• _Work task_
Starting at the line below with "药融云医药数据库是生物医药行" and stopping at the line with "Так, на одному", please print each line exactly, those two included, and skip every picture.

• _Recorded data_
□ □ □ □ □

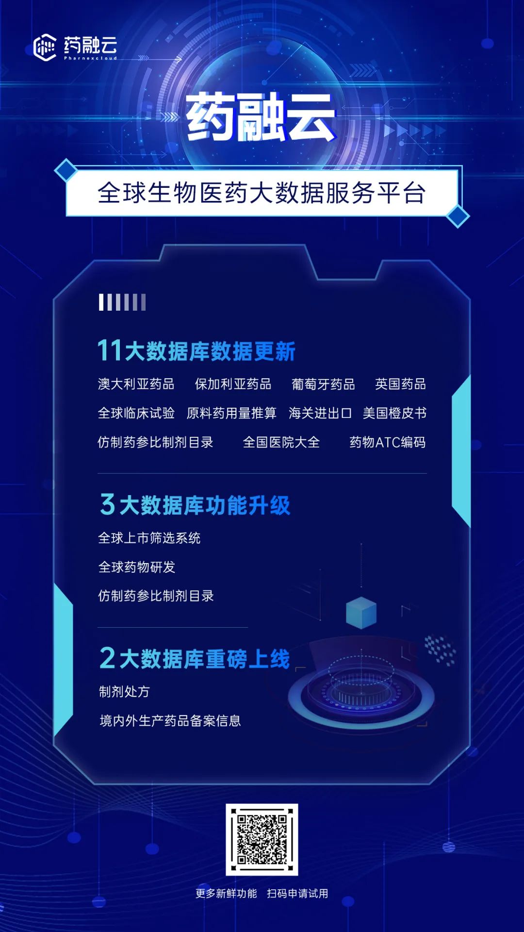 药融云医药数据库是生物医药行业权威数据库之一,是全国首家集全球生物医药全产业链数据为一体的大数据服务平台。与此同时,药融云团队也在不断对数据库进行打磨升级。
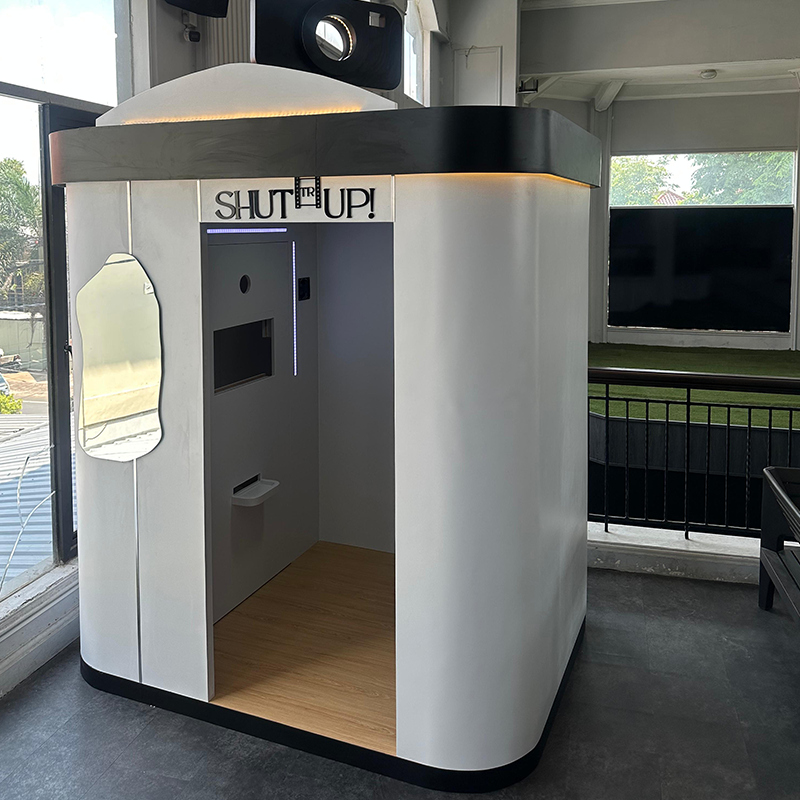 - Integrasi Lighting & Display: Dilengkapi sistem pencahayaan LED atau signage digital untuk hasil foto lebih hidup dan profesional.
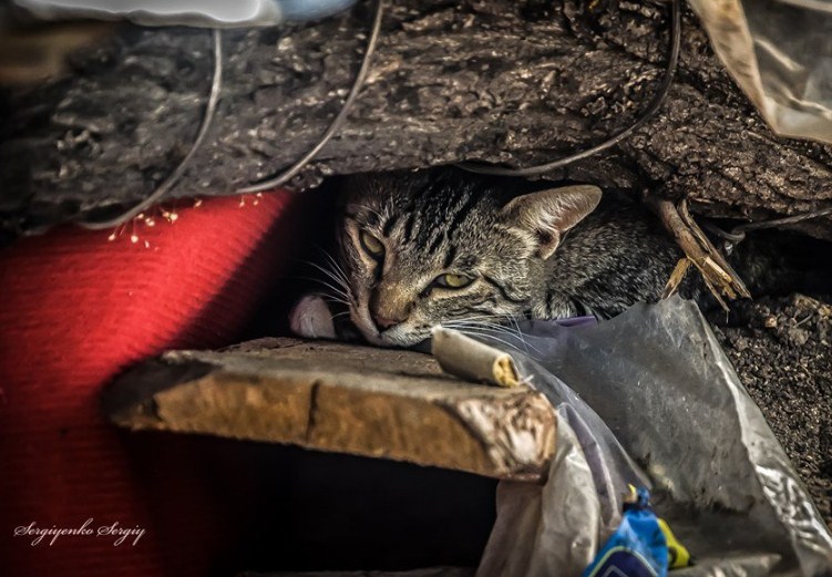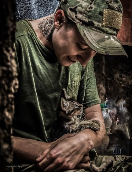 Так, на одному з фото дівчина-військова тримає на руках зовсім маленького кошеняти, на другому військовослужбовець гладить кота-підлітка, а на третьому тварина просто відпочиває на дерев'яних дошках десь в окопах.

□ □ □ □ □

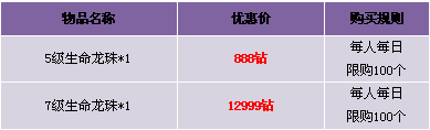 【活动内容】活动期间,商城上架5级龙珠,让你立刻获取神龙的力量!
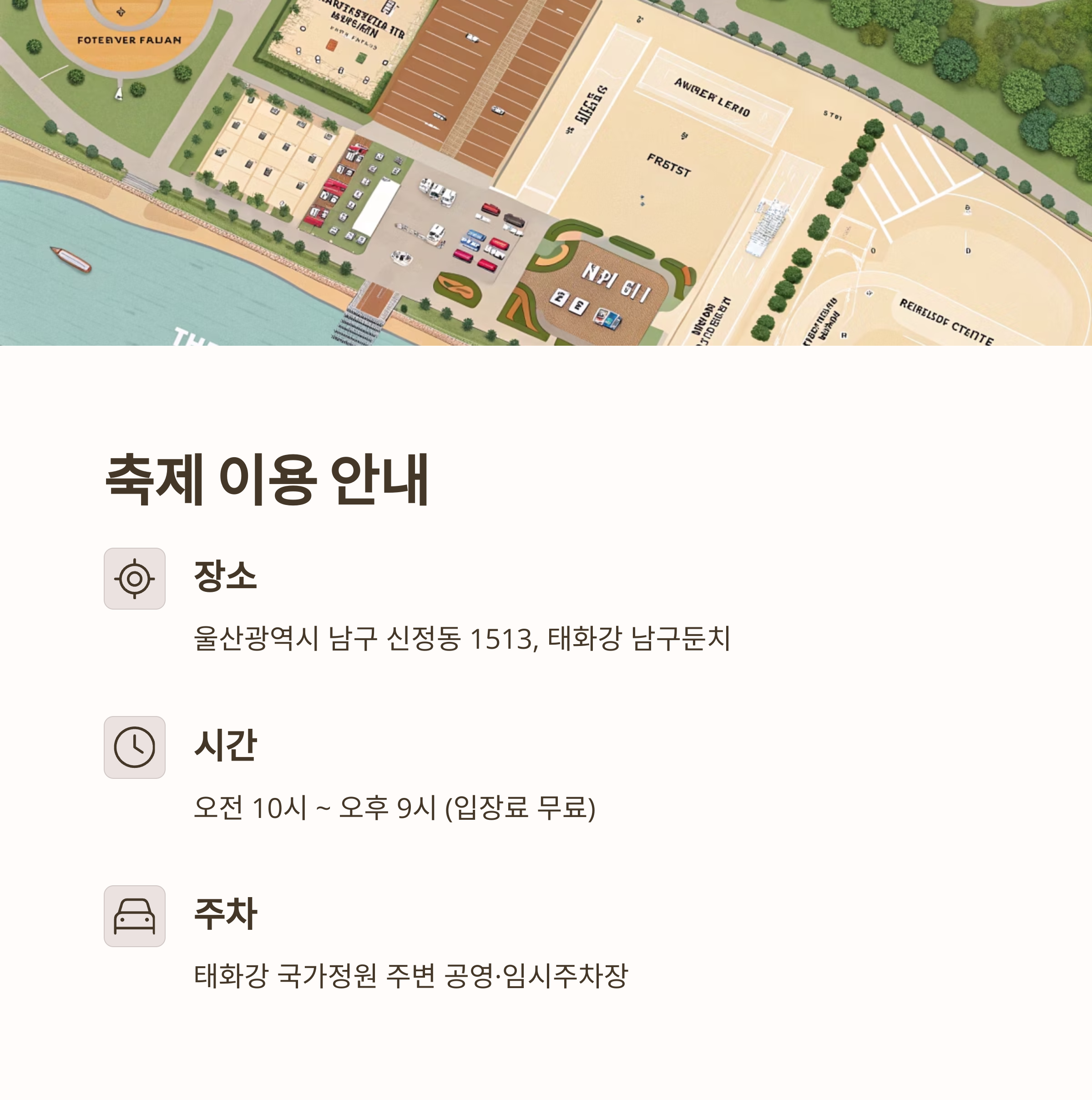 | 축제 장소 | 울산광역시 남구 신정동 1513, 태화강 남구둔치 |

□ □ □ □ □

• _Written answer_
 药融云医药数据库是生物医药行业权威数据库之一,是全国首家集全球生物医药全产业链数据为一体的大数据服务平台。与此同时,药融云团队也在不断对数据库进行打磨升级。
 - Integrasi Lighting & Display: Dilengkapi sistem pencahayaan LED atau signage digital untuk hasil foto lebih hidup dan profesional.
 Так, на одному з фото дівчина-військова тримає на руках зовсім маленького кошеняти, на другому військовослужбовець гладить кота-підлітка, а на третьому тварина просто відпочиває на дерев'яних дошках десь в окопах.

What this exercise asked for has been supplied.